Прошло время. Отец Владимир уже жил во Франции. След его затерялся. Веру Борисовну за ревностное служение выгнали из церкви. Она в грустях доживала свой век в хибаре на станции Силикатная. Из радостей жизни, кроме Бога и фотографии отца Владимира — она висела рядом с иконой, — у нее осталась правнучка Мананка, нажитая внучкой от залетного кавказца. Вера Борисовна поговаривала о смерти: чтоб все было тихо, без мучений, не хлопотно — очень уж устала от жизни. А более всего мечтала о встрече с Ним. Меня напечатали, перевели, стали приглашать за рубеж. И Вера Борисовна решилась: попросила меня разыскать отца Владимира. Старухи снарядили мне подарки: полотенчики, вышивки, сало… Вера Борисовна затолкала в баул небольшой самовар: «Спроси от нас: может, вернется? Зябко без него».
— Паспорт!
Я продрал глаза: люди в форме, рожи злые, тычут фонарем… Война!
Дрожащей рукой я нашарил паспорт, стал натягивать штаны.
— Во ист швайцер виза?!
— Зачем — швейцарская?! Я в Париж еду!
Пограничник врубил свет. Он стучал пальцем в паспорт, потом потянулся к кобуре. Соседи глядели на меня, как на врага.
— Геен зи ауз! Шнель! Вон из вагона!
— Не понял?.. — Но уже понял: не так поехал. Покупал билет я сам, без Клавы, кассирша дала подешевле — через Швейцарию.
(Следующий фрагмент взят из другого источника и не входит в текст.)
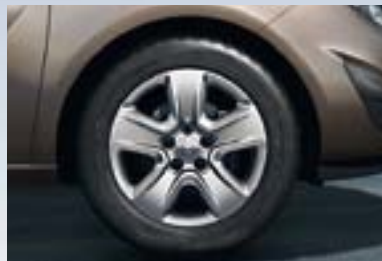
2 Dizajnirani točak, 6,5 J x 16, petokraki dizajn, pneumatici 205/55 R 16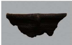
5 H-6出土土器 (第177图71)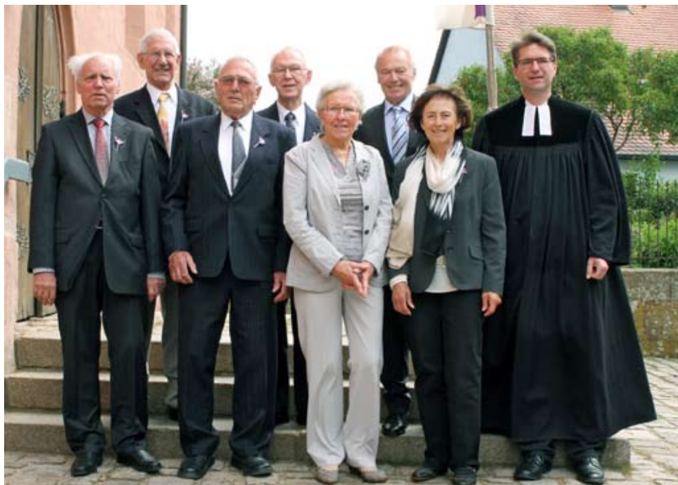
Diamantene Konfirmation (1955-2015)

На неверных ногах я потянул к выходу неподъемную поклажу, лямки оборвались, затрещал брезент… Свирепые погранцы брезгливо выкинули мой багаж — покрышка поскакала в темноту по мокрому перрону. Поезд бесшумно покатил в Швейцарию. Подарочный самовар, втягивая битый бок, блестел под фонарем. Приехали! Станция Домодоссалла.
Станционный смотритель, пожилой итальянец, взирал на мой изгон с сочувствием, помог собрать порушенный багаж, повел пить кофе.
На следующий день я приплелся в издательство «Фельтринелли». Но Инга ко мне не вышла, она меня разлюбила.
Храм Покрова Божьей Матери в селе Алексине.
За издательскую измену, о которой ей донесли незамедлительно. Франческо в редакции не было.
Я стоял в шикарном предбаннике издательства немым немытым просителем, охрана намекнула, чтобы подался с вещами на выход. И вдруг я вспомнил: «Ключ под вытерачкой».
Франческо Каталуччо! Посланник Божий! Знал, что меня, скорее всего, заворотят на границе, — оставил ключ под ковриком. Приютил, невзирая на гнев начальницы.
И снова поехал меня провожать, чтобы самолично купить билет в объезд злополучной Швейцарии. Однако, тпру-у!.. Забастовка железнодорожников! Кассы закрыты. Но меня чудом узнал первоначальный проводник, вернувшийся уже из Парижа, и, взяв деньги, определил к товарищу в правильный поезд. Тот рассредоточил багаж по сусекам, чтоб не дразнить гусей, и пустил на третью полку.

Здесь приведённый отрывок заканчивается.